What to do ::
In the records below, reproduce exactly the lines from the one containing "制服を脱いで、私服に着替えて" through the one containing "Le cabinet de", both included, and omit the pictures.

Provided records ::
■ ■ ■ ■ ■ ■ ■
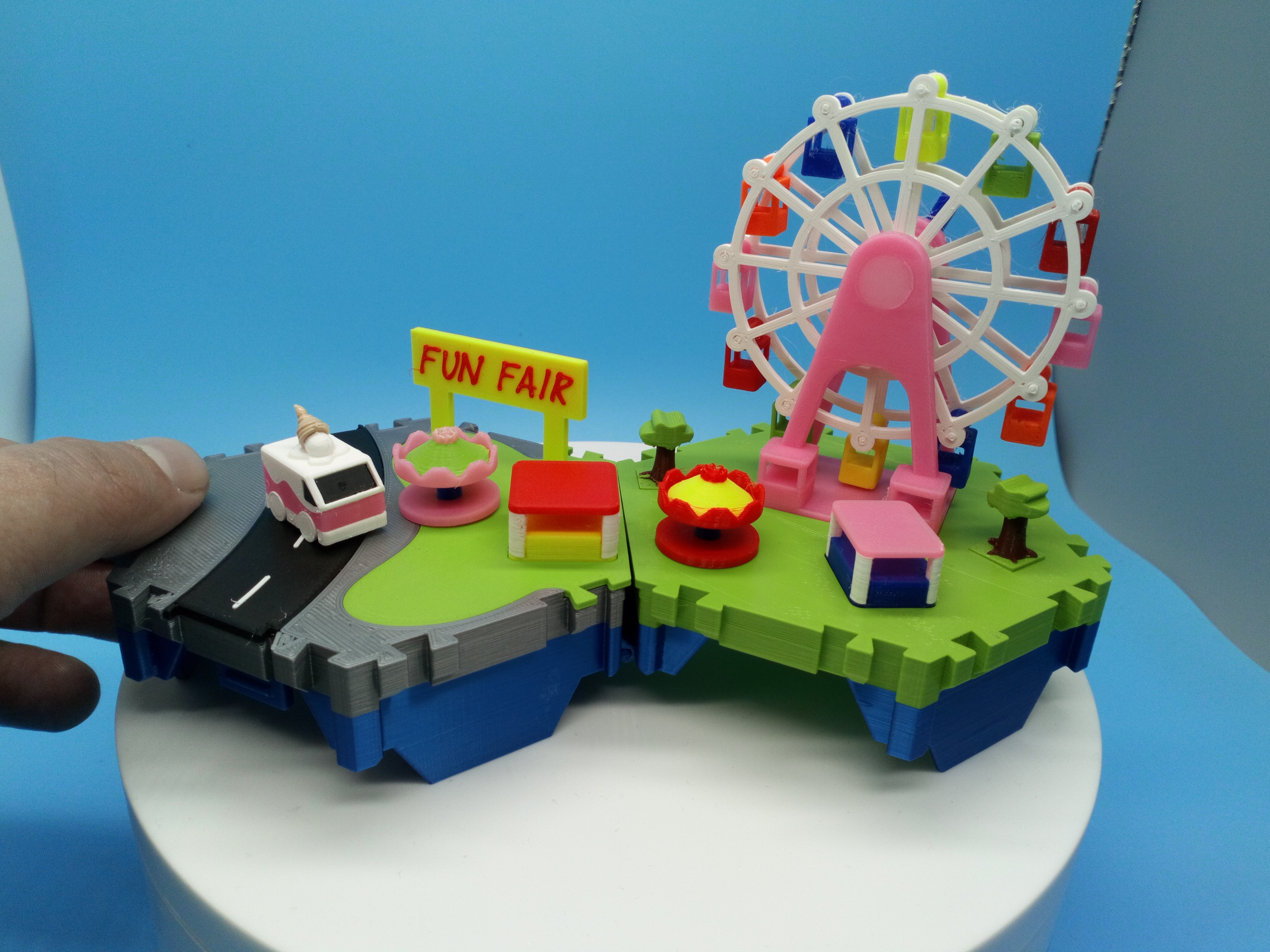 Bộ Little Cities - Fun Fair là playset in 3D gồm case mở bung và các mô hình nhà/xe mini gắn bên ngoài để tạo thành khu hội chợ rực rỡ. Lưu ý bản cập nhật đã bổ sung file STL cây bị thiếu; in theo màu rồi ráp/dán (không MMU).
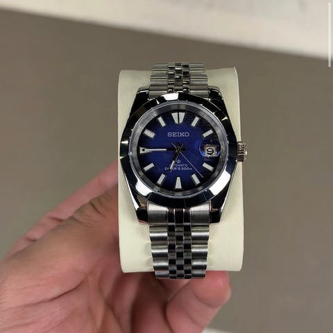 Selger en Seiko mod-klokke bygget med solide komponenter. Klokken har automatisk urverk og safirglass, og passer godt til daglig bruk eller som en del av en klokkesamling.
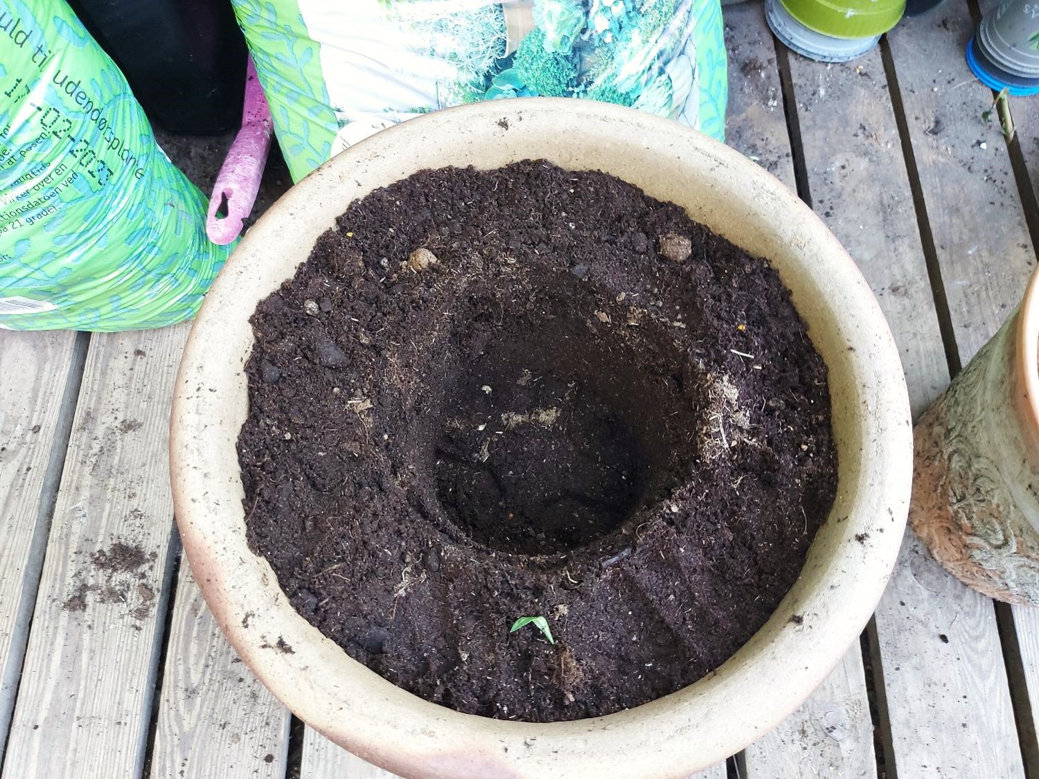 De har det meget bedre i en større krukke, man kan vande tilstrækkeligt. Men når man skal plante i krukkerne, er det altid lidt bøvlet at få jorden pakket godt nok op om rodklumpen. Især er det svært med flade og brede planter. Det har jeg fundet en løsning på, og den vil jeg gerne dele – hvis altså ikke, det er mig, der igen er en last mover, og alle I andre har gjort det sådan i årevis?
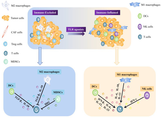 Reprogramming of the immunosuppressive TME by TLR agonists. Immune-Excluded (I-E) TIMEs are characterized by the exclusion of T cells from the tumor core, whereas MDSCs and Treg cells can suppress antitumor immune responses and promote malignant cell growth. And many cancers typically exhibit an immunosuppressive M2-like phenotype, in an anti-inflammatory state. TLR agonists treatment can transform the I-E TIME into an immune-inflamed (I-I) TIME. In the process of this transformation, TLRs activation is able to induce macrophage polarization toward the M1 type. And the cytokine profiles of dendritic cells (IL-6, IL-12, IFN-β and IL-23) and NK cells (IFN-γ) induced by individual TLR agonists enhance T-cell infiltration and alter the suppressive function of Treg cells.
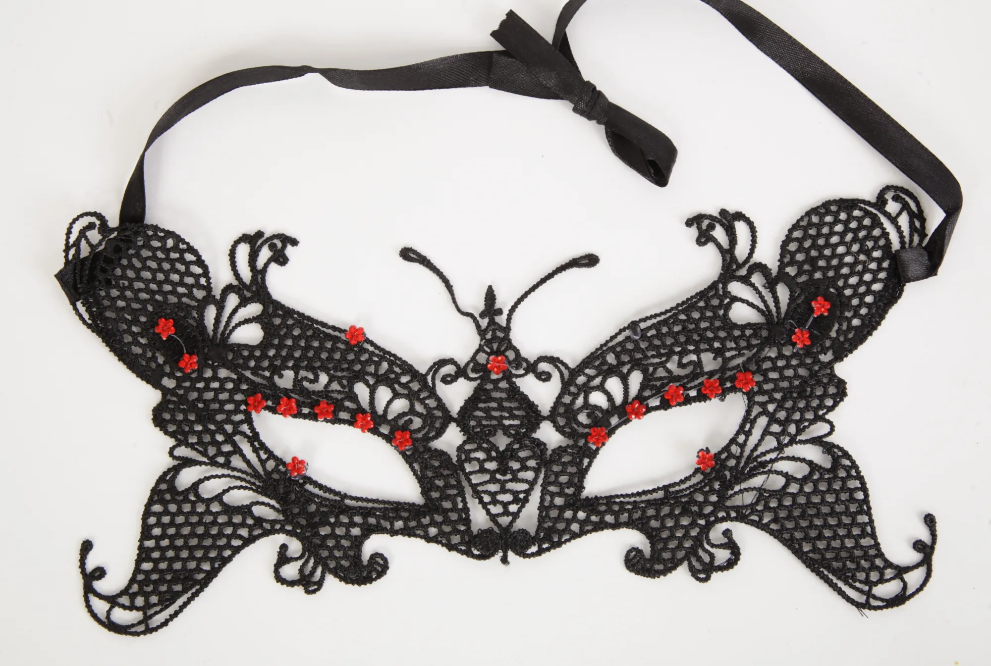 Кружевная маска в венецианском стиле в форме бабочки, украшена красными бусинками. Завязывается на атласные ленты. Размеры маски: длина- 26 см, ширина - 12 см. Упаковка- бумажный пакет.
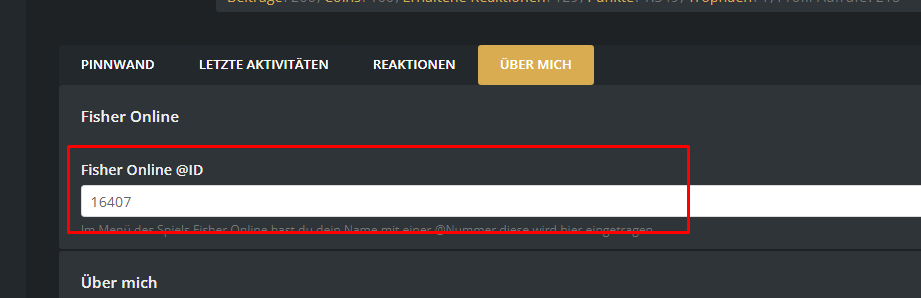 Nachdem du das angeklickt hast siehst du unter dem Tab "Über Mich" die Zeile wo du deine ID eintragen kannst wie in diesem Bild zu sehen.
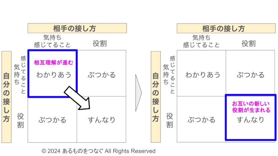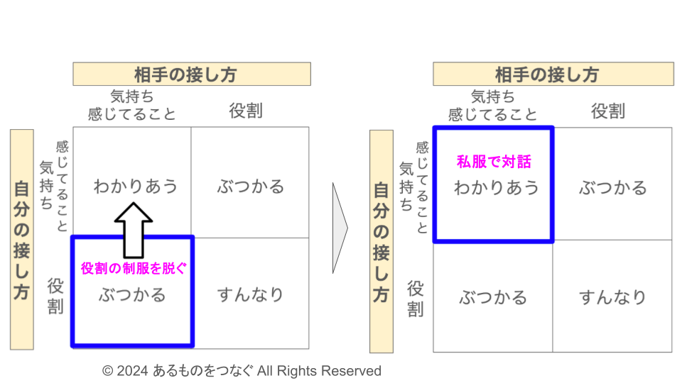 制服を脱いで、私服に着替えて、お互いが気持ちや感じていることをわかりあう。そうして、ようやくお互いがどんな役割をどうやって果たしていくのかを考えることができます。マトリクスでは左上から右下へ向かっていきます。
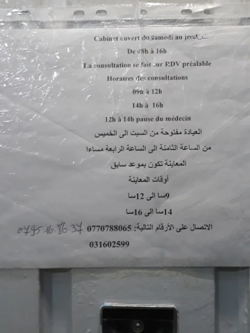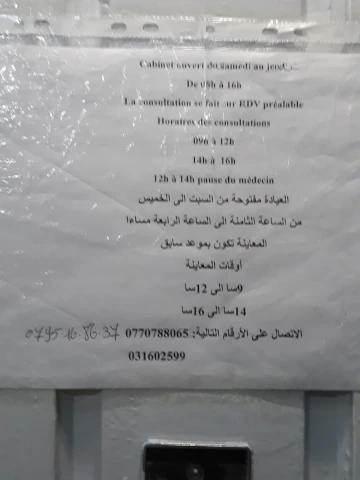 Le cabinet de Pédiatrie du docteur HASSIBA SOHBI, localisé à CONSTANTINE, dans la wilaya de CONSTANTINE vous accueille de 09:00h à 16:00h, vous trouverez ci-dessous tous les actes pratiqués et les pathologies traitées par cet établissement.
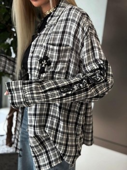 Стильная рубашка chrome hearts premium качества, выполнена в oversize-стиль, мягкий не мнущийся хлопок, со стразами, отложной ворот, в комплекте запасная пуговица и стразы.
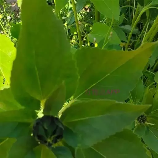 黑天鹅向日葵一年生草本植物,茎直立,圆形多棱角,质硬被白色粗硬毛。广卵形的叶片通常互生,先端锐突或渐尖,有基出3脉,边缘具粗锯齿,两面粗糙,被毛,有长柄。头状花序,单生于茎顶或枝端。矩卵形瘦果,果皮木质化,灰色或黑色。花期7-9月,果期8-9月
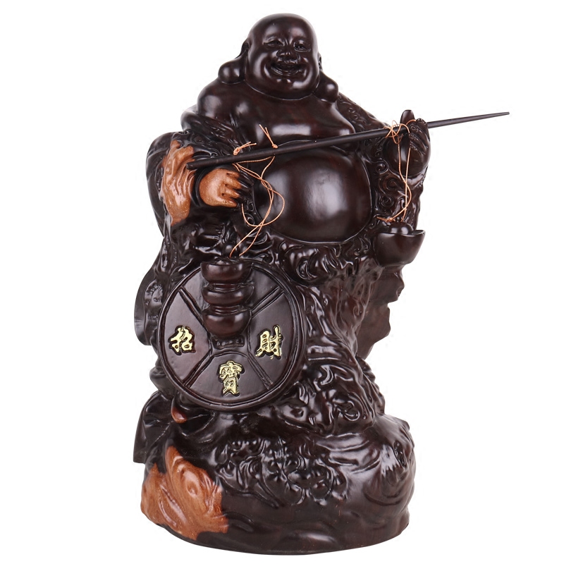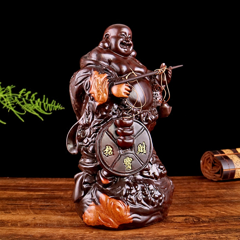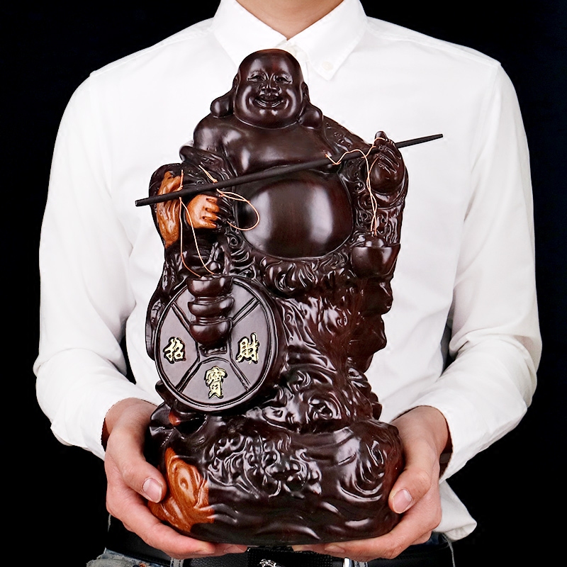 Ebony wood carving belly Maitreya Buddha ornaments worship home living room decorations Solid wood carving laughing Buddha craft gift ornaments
■ ■ ■ ■ ■ ■ ■
Written solution ::
 制服を脱いで、私服に着替えて、お互いが気持ちや感じていることをわかりあう。そうして、ようやくお互いがどんな役割をどうやって果たしていくのかを考えることができます。マトリクスでは左上から右下へ向かっていきます。
 Le cabinet de Pédiatrie du docteur HASSIBA SOHBI, localisé à CONSTANTINE, dans la wilaya de CONSTANTINE vous accueille de 09:00h à 16:00h, vous trouverez ci-dessous tous les actes pratiqués et les pathologies traitées par cet établissement.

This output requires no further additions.